Of the women I talked with, some were able to pump at work for months or years without much hassle. But I discovered that many women lacked adequate support system. I had a hard time finding women who, when at the end of their ropes, had a breastfeeding support person suggest that, for their own mental and physical health, they close the breastfeeding chapter in their lives.

Changing and improving laws to protect women’s rights to pump at work is an important part of this picture. Organizations like the  US Breastfeeding Committee work to do so. But those improvements can’t solve everything. Working mothers are crazy busy during the day — we have to be more productive because we no longer have unlimited hours to pour into work. Every job is different, and some involve demands that are going to make pumping at work difficult no matter how great the employer is.

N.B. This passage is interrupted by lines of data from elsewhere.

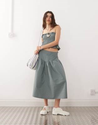 Юбка-миди COLLUSION с заниженной талией в зелёную клетку, высокая посадка, боковые карманы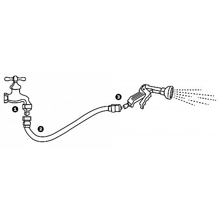 Obsahuje 15m 1/2" hadici, adaptér, rychlospojku, stop - rychlospojku a postřikovací hubici.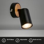 LED Spotlight, 1 flame I metal / black, wood I excl. 1 x LED/GU10 max. 9W I not dimmable I spotlight rotatable and pivotable I IP20 I 95x95x180mm (LxDxH)
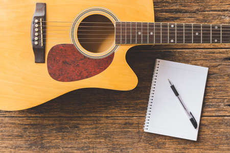 Top view of Acoustic guitar , Notebook paper and pen on wood background and copy space
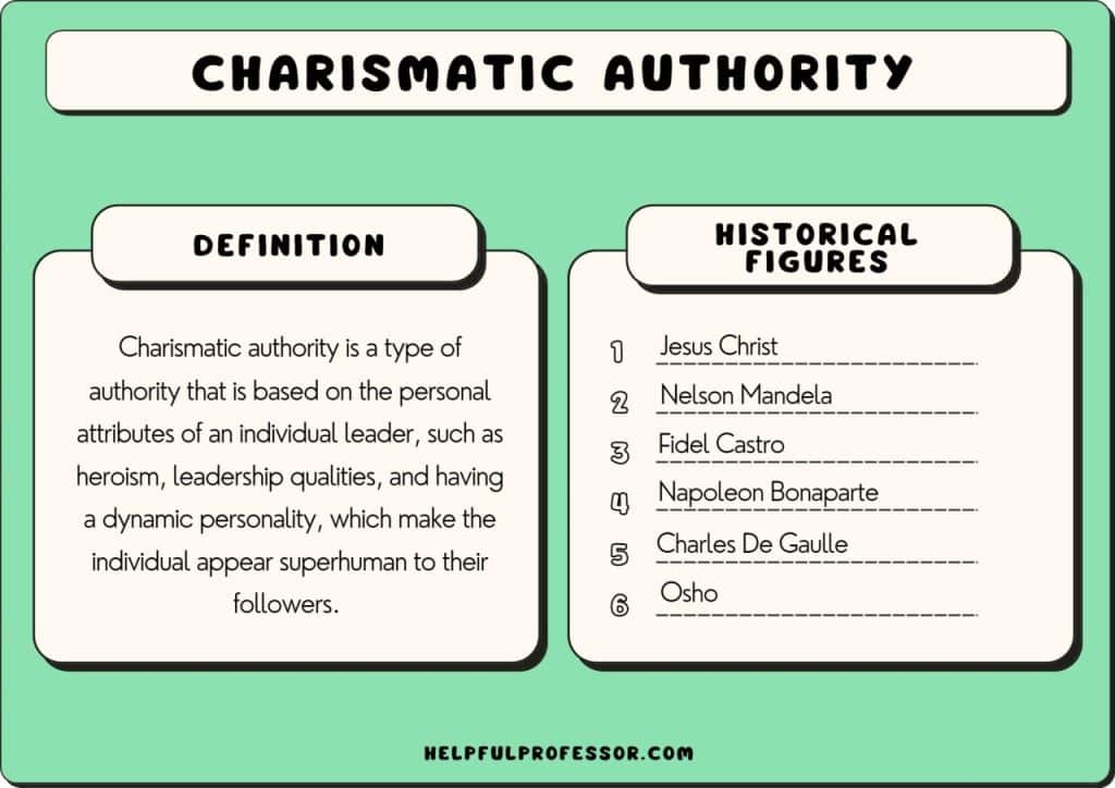 Definition: A type of authority that is based on the personal attributes and dynamic personality of a leader.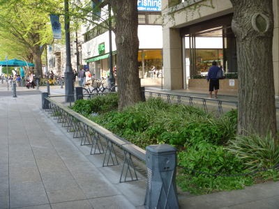 海までまっすぐ伸びる歩道が広く、気持ちの良い散歩道です。ここの銀杏並木も有名。木の下にはベンチがあり、安いカフェもあるので暖かい日は外でボーッとするのも良し。犬の散歩や油絵を描きに来る人もいます。平日の昼時は付近の会社員のためのお弁当屋が出て少し混雑するので景観がイマイチかも。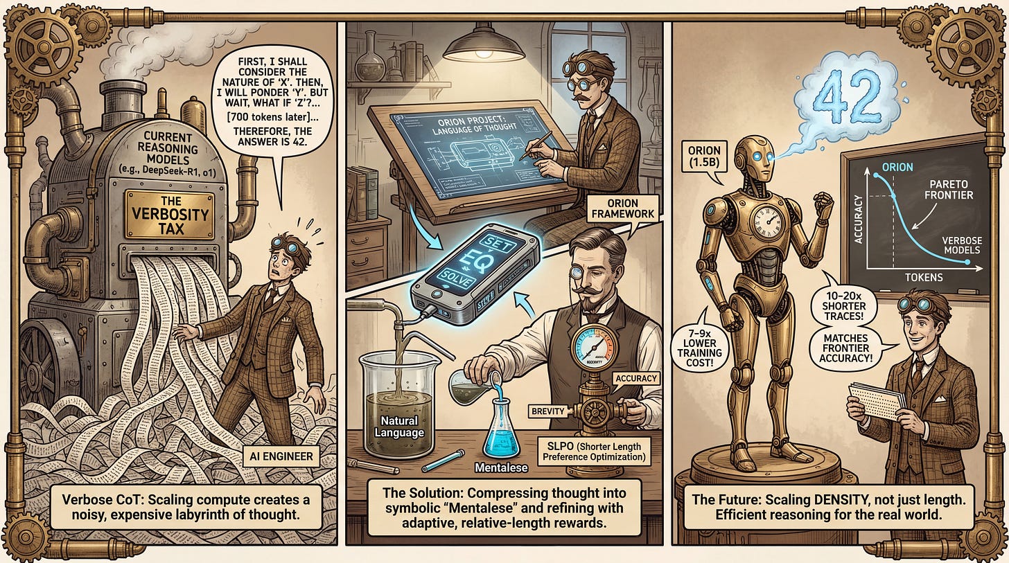WHAT was done? The authors introduce ORION, a framework that compresses the reasoning traces of Large Reasoning Models (LRMs) by aligning them to a symbolic “Language of Thought” called Mentalese. They achieve this via a two-stage process: Supervised Fine-Tuning (SFT) on a new dataset of 40k compressed reasoning traces, followed by a novel reinforcement learning objective called Shorter Length Preference Optimization (SLPO), which dynamically rewards brevity without sacrificing accuracy.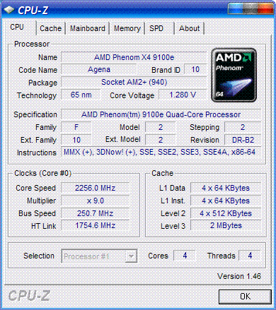 | Процессор (ядро) | AMD Phenom X4 (Agena) |

I am a big breastfeeding advocate, and I love that some working mothers can meet their breastfeeding goals. But I am also a big working mother advocate, period. Working moms are not just milk-production systems. They are people with professional goals, with bills to pay, with needs for physical and emotional rest. I believe the conversation should involve both breastfeeding and the unique challenges working mothers face. If it doesn’t, we need to make room.

A friend of mine summed up her decision to stop pumping at work this way: “I knew it was time when I had pushed myself as far as I could go, and I weighed my options with the big picture of my own emotional and physical health in mind.”

That, my friends, is self-awareness and self-care, and we need to celebrate and even push working moms to practice it, in the same ways that we celebrate and advocate for breastfeeding.